“And
then a thing that is really important for me: community. I was always looking
for a community. I did not see myself as a priest on my own. I need a
community. And you can tell this by the fact that I am here in Santa Marta. At
the time of the conclave I lived in Room 207. (The rooms were assigned by
drawing lots.) This room where we are now was a guest room. I chose to live
here, in Room 201, because when I took possession of the papal apartment,
inside myself I distinctly heard a ‘no.’ The papal apartment in the Apostolic
Palace is not luxurious. It is old, tastefully decorated and large, but not
luxurious. But in the end it is like an inverted funnel. It is big and
spacious, but the entrance is really tight. People can come only in dribs and
drabs, and I cannot live without people. I need to live my life with others.”
One of the things that scares the neo-trads most about
Pope Francis is not that he hasn’t moved into the palace but the reason he hasn’t
moved in—the important role that community plays in his life because this
shapes his view of the Church in a way that deemphasizes the hierarchical
nature of the Church and consequently shifts the source of authority (and
power) from a clerical base to a much wider and more inclusive involvement in
which the entire People of God can play a role.
The above statement that Francis made during his
interview with La Civilta Cattolica
that was reprinted in America
magazine shows his Jesuit roots. He is
not a “Lone Ranger.” He understands
community and derives his personal strength from human relationships.
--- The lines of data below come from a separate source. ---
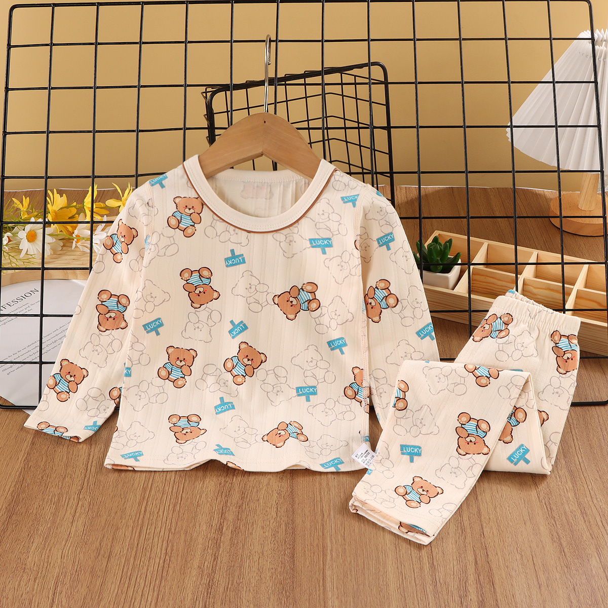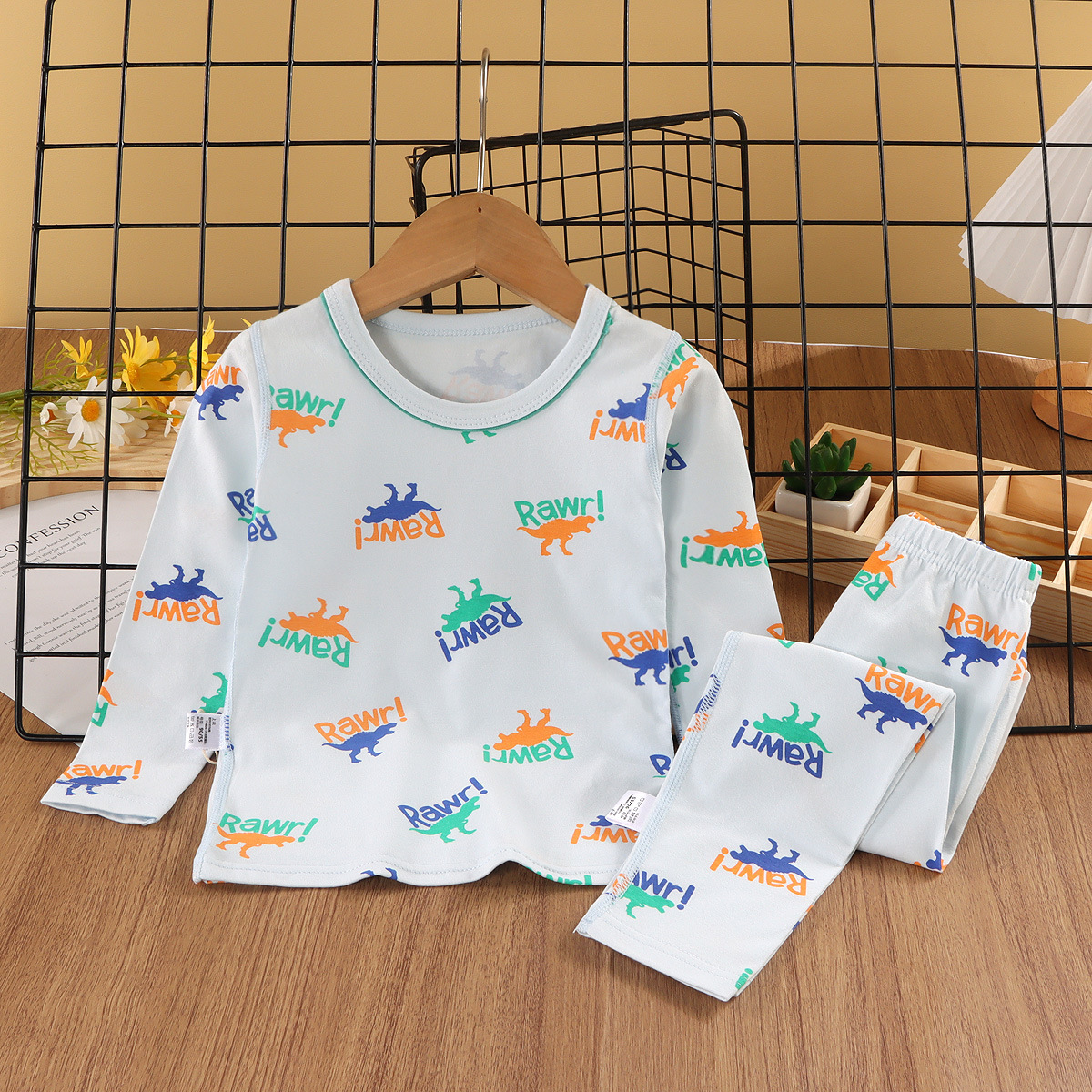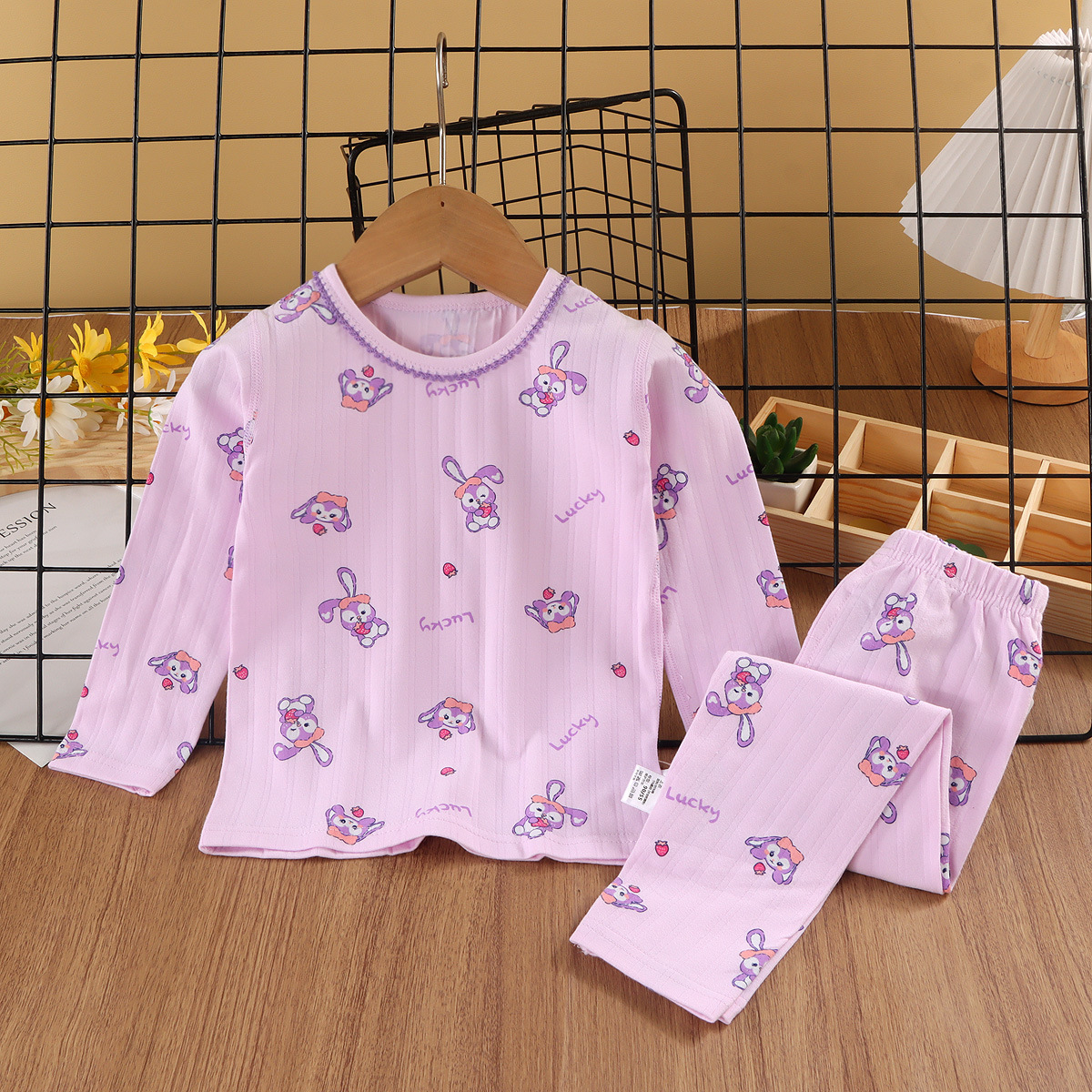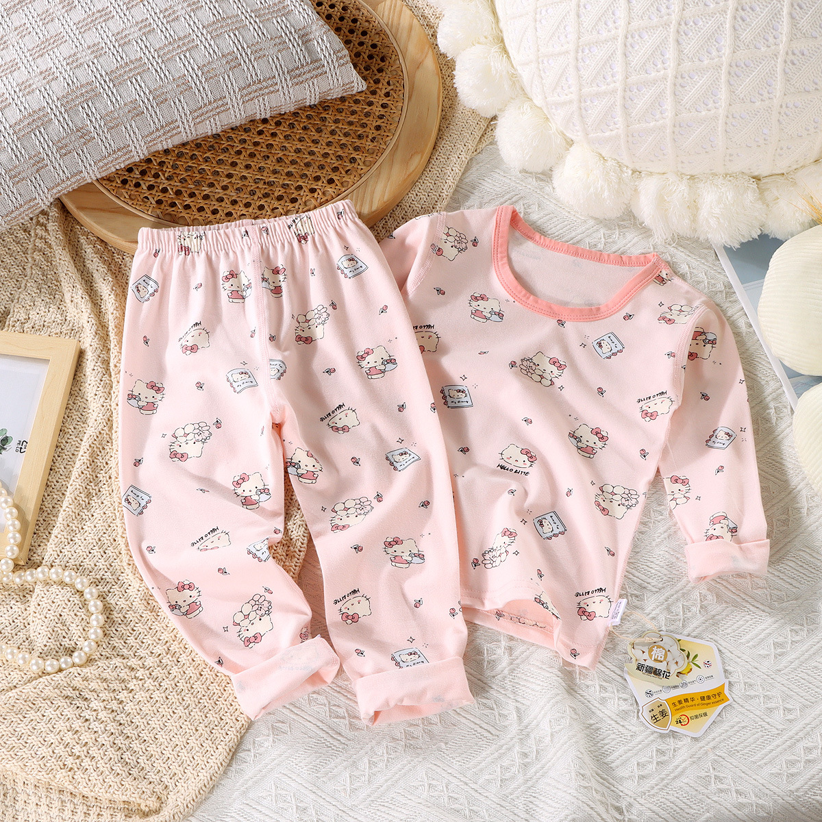 24新款莱卡家居服中小童A类纯棉无骨秋衣秋裤套装男女童卡通睡衣
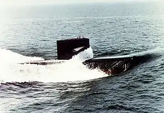 ![]() USS Baltimore (SSN-704) underway in moderate seas. Notice the trough beneath the sail.
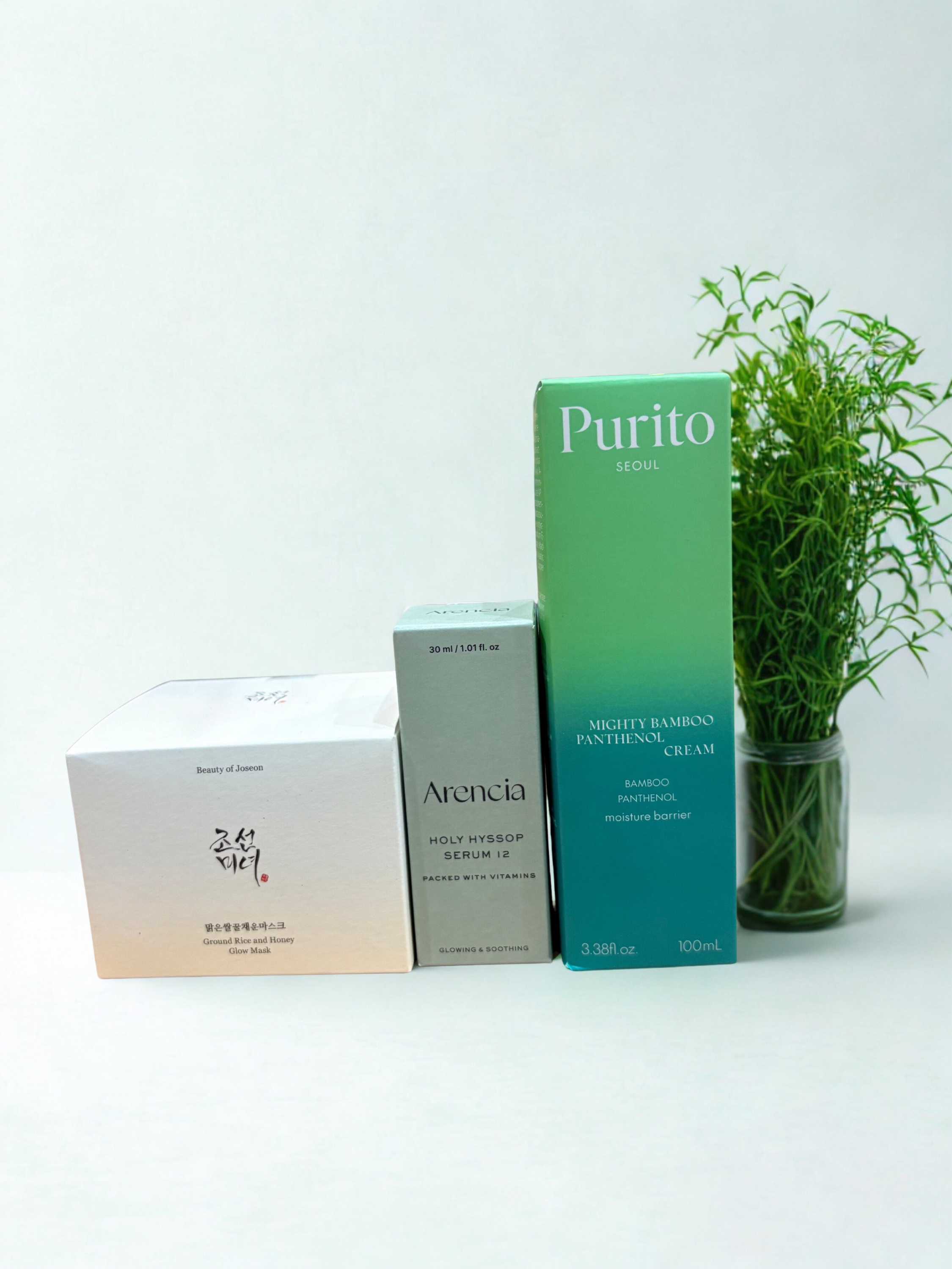 Beauty of Joseon Glow Mask + Arencia Serum + Purito Bamboo Panthenol Cream)
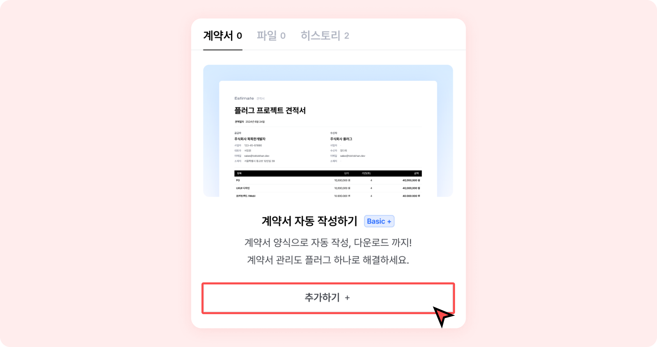 자동 계약서 작성 기능은 Basic 플랜부터 무제한으로 이용할 수 있어요.
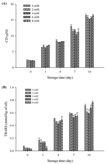 The conjugated diene (CD) is the primary oxidation product of lipids in the filled hydrogel samples, which was analyzed according to the method of Corongiu and Banni [20]. Briefly, 1.5 mL of isooctane-isopropanol (3:1, v/v) was added into 0.1 mL of filled hydrogels, after which the mixture was vortexed at 3 × 10 s. After mixing, the mixture was centrifuged at a speed of 530 rpm for 2 min, after which the obtained supernatant was mixed with 4.8 mL of isooctane. Lastly, the absorbance of mixtures was determined at 234 nm.

I wish that I could say that this is because
he is a religious but in fact I know many religious—like Archbishop Charles
Chaput OFM Cap of Philadelphia—who have forgotten (if they ever knew) the
importance of community. And I know many
great diocesan priests who find—and create—community among the people whom they
serve. I mention Archbishop Chaput
because the other day some Franciscan Sisters from his Archdiocese told me that
when they met him they said: “We share being part of the Franciscan family with
you.” And his Grace responded “Don’t think that will get you anywhere!” Saint Francis rolled over in his grave, I am
sure, but then—unlike the Capuchin Archbishop of Boston, Cardinal
O’Malley—Chaput has never displayed the Franciscan zeal for the poor, for
community, or for the Franciscan family that Francis left as his legacy. And this goes right to the heart of the
issue. Do you see the Church primarily
as an institution or do you see it as the communio
of Christ’s Mystical Body.
What do we mean by Mystical Body? I remember years ago I was giving a talk in a
parish in Leesburg Virginia when a particularly sour-faced church-lady took
objection to my using the term “Body of Christ” for the Church. “The Eucharist,” she objected, “is the Body
of Christ. The Church is only his
‘Mystical Body’.” And this is the
problem because we consider that idea of “mystical” as somehow less than real
when in fact the term means “sacramental.” it comes from the Greek: mysterion, the same word for sacrament. The Church—the People of God—is the sacrament of Christ in the world.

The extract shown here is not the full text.